▸ EXERCISE AIM:
Line by line, the data below should be set down unchanged, with images excluded.

Recorded data
○ ○ ○ ○
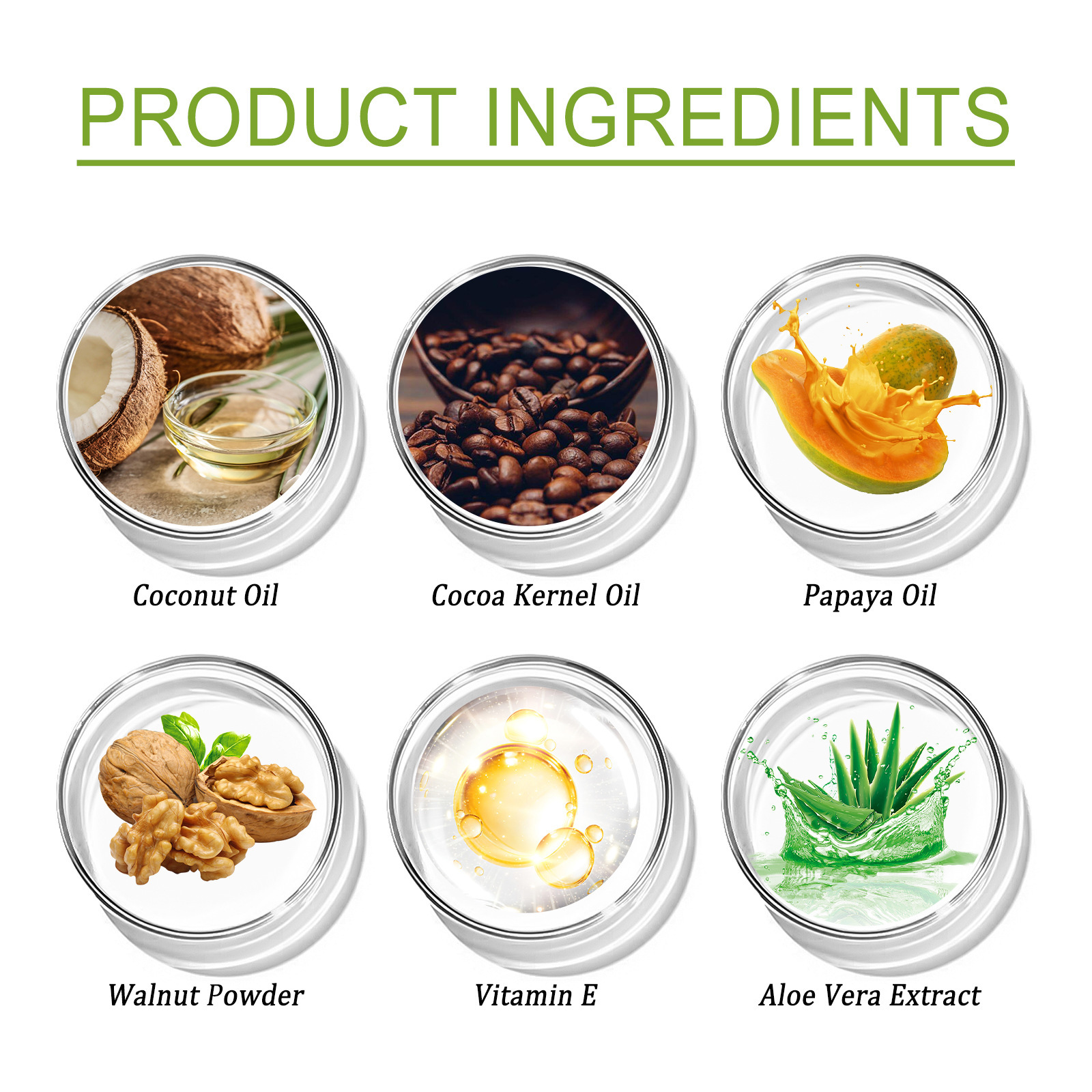 Ingredients: coconut oil, cocoa seed oil, papaya oil, walnut powder, vitamin E, aloe extract
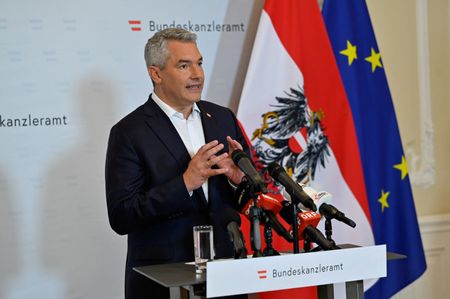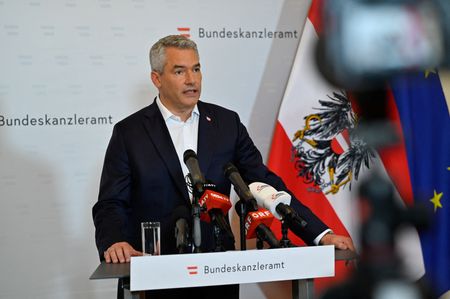 VIENNA (Reuters) – The road ahead in coalition talks between Austria’s two main centrist parties will be long and most likely “very rocky” at times, conservative Chancellor Karl Nehammer, who is leading the talks, said on Friday as they began.
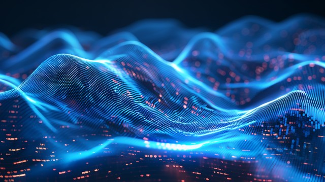 抽象的蓝色数字背景,具有发光的网络连接和黑暗背景下的数据流波,未来技术概念。
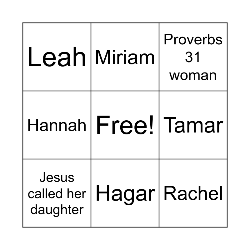 This bingo card has a free space and 26 words: Eve, Sarah, Hagar, Rebekah, Rachel, Leah, Tamar, Miriam, Rahab, Deborah, Jael, Ruth, Naomi, Esther, Elizabeth, Mary, mother of Jesus, Hannah, Bathsheba, Proverbs 31 woman, Huldah, Mary, sister of Martha, Martha, The faithful women of Luke 8, The woman at the well, Jesus called her daughter and Anna.
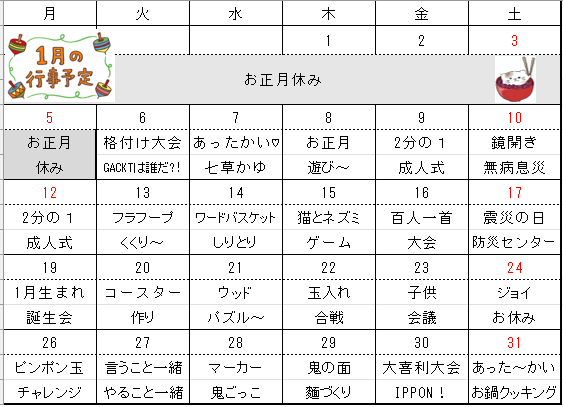 日替わりで様々なプログラムを実施しています。
○ ○ ○ ○
▸ EXERCISE OUTPUT:
 Ingredients: coconut oil, cocoa seed oil, papaya oil, walnut powder, vitamin E, aloe extract
 VIENNA (Reuters) – The road ahead in coalition talks between Austria’s two main centrist parties will be long and most likely “very rocky” at times, conservative Chancellor Karl Nehammer, who is leading the talks, said on Friday as they began.
 抽象的蓝色数字背景,具有发光的网络连接和黑暗背景下的数据流波,未来技术概念。
 This bingo card has a free space and 26 words: Eve, Sarah, Hagar, Rebekah, Rachel, Leah, Tamar, Miriam, Rahab, Deborah, Jael, Ruth, Naomi, Esther, Elizabeth, Mary, mother of Jesus, Hannah, Bathsheba, Proverbs 31 woman, Huldah, Mary, sister of Martha, Martha, The faithful women of Luke 8, The woman at the well, Jesus called her daughter and Anna.
 日替わりで様々なプログラムを実施しています。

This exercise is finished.